About
What this is
Tomato Almanac is a visual chooser and collector's guide to tomato varieties. The job is not to list every tomato ever grown. Larger databases already do that. The job is to help you decide what to grow: what a variety tastes like, how it actually behaves in the garden, what to plant instead when your favorite sells out, and which ones earn their place in a short-season bed.
What we cover
Heirlooms, hybrids, and open-pollinated varieties across the range that home gardeners actually plant: cherry and grape, paste and sauce, slicers and beefsteaks, dwarf and container types, and the strange, beautiful ones worth growing for their own sake. Each profile carries honest grow notes, a flavor description traced to its source, the seed vendors that sell it, and qualified swaps that read like “like this one, but earlier” or “but open-pollinated.”
Region first
We start with New England, a cold, short-season climate where variety choice decides whether you get ripe fruit before frost.
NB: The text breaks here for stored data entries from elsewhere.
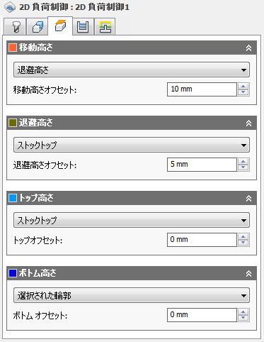 退避高さオフセットは、上にある退避高さのドロップダウン リストの選択内容を基準に適用されます。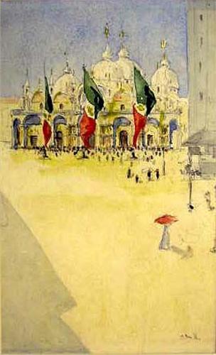 A PEN AND INK ON PAPER; Depicting Italian street scene, Signed LR illegible John R. 8"h x 13"w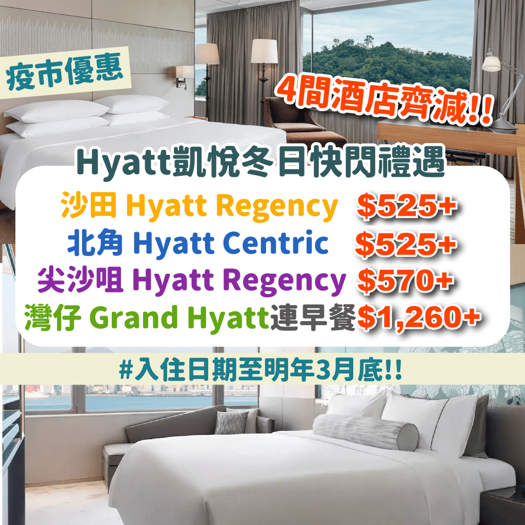 【Hyatt冬日快閃禮遇】香港4間Hyatt都有優惠!沙田Hyatt一晚$525起、北角Hyatt $525起、尖沙咀Hyatt $570起、灣仔Grand Hyatt連雙人早餐$1,260起!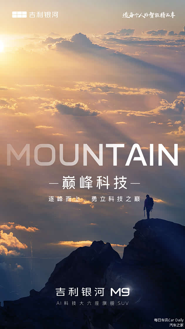 “M9”中的“M”寓意深远,代表Master(大师品质)、Mountain(巅峰科技)、Moment(为用户创造美好时光),体现其旗舰身份和产品格局。作为吉利银河产品序列的高端之作,M9将集成吉利集团在电动化与智能化方向的最新成果。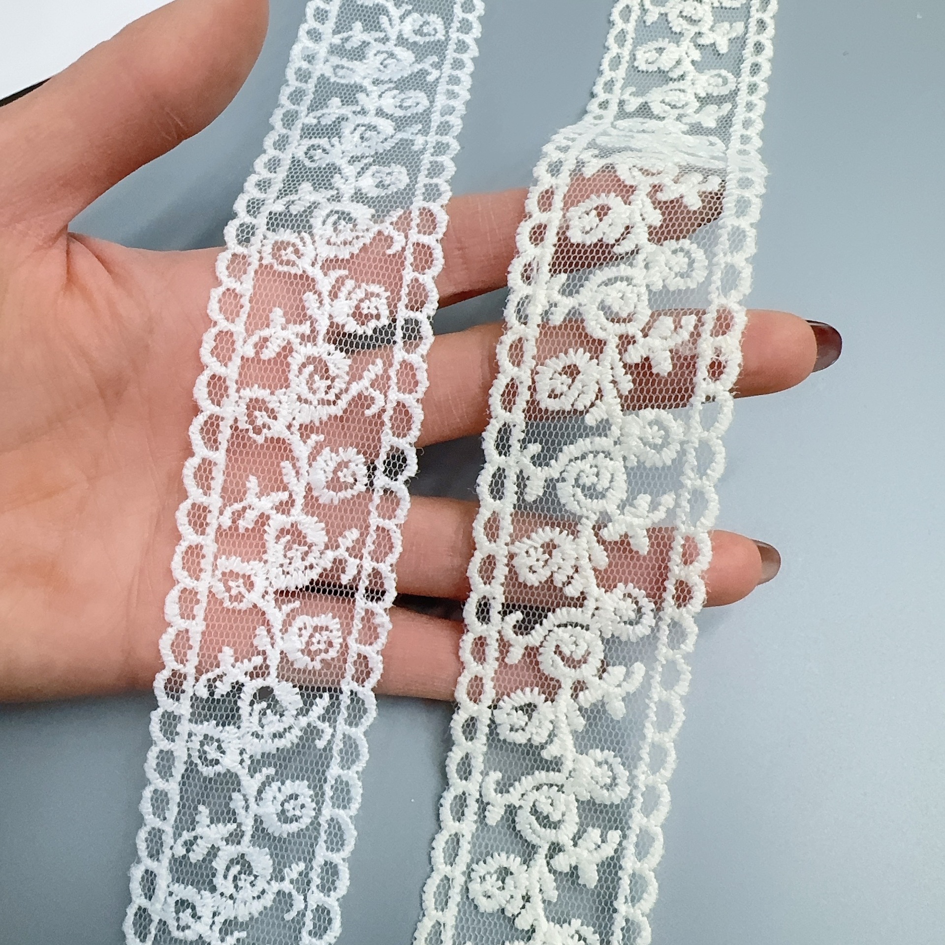 Embroidery edge products are manufactured in one piece, and it may occur that some positions have skipped stitches.It's normal.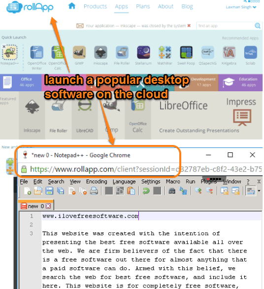 This tutorial explains how to use popular desktop software on the cloud. For example, you will be able to run Notepad++, Inkscape, Gimp, LibreCAD, Skype, LibreOffice, and many other popular desktop apps online. It is made possible with the help of a SaaS (Software as a service) platform, named rollApp.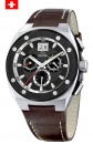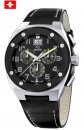 Ανδρικό ρολόι Jaguar Ελβετικής κατασκευής από ανοξείδωτο ατσάλι με μαύρο καντράν και δερμάτινο λουράκι.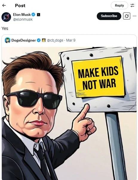 सध्या अब्जाधीश आणि टेस्लाचा मालक एलन मस्क भलताच चर्चेत आहे. त्याची एक पोस्ट रिपोस्ट झालीय. त्याने X वर एक फोटो रिपोस्ट केला आहे. त्यात त्याचं पेंट करण्यात आलेलं कॅरिकेचर दिसत आहे. या पेटिंगमध्ये मस्क काळा सूट आणि चष्म्यात दिसत असून बोर्डाच्या एका साईडला इशारा करत आहे. त्यावर लिहिलंय… MAKE KIDS, NOT WAR.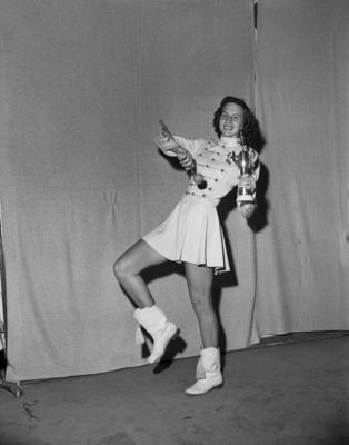Julia Troeger, 16, a tennis star at Denton High School, holds the trophy she won in the regional baton twirling contest conducted as the opening show at Will Rogers Memorial Coliseum. Published in Fort Worth Star-Telegram morning edition April 9, 1950.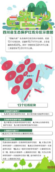 10月8日,四川省政府发布《四川省生态保护红线实施意见》(下简称《实施意见》),明确了“四轴九核”生态保护红线空间分布格局,包括13个红线区块,总面积19.7万平方公里,占全省面积的40.6%。

Region is a first-class filter from the start, and other regions follow once the New England set proves out.
What we are not
We do not sell seed and we are not affiliated with any vendor. Some links to seed sources may be affiliate links, disclosed where they appear, but the picks are not for sale. We never present an AI-generated image as a real photo of a named variety. Read the full sourcing rules on the methodology page.
Who publishes it
Tomato Almanac is published as an organization, not under an invented personal byline. When a claim is uncertain, we say so and show the gap rather than paper over it.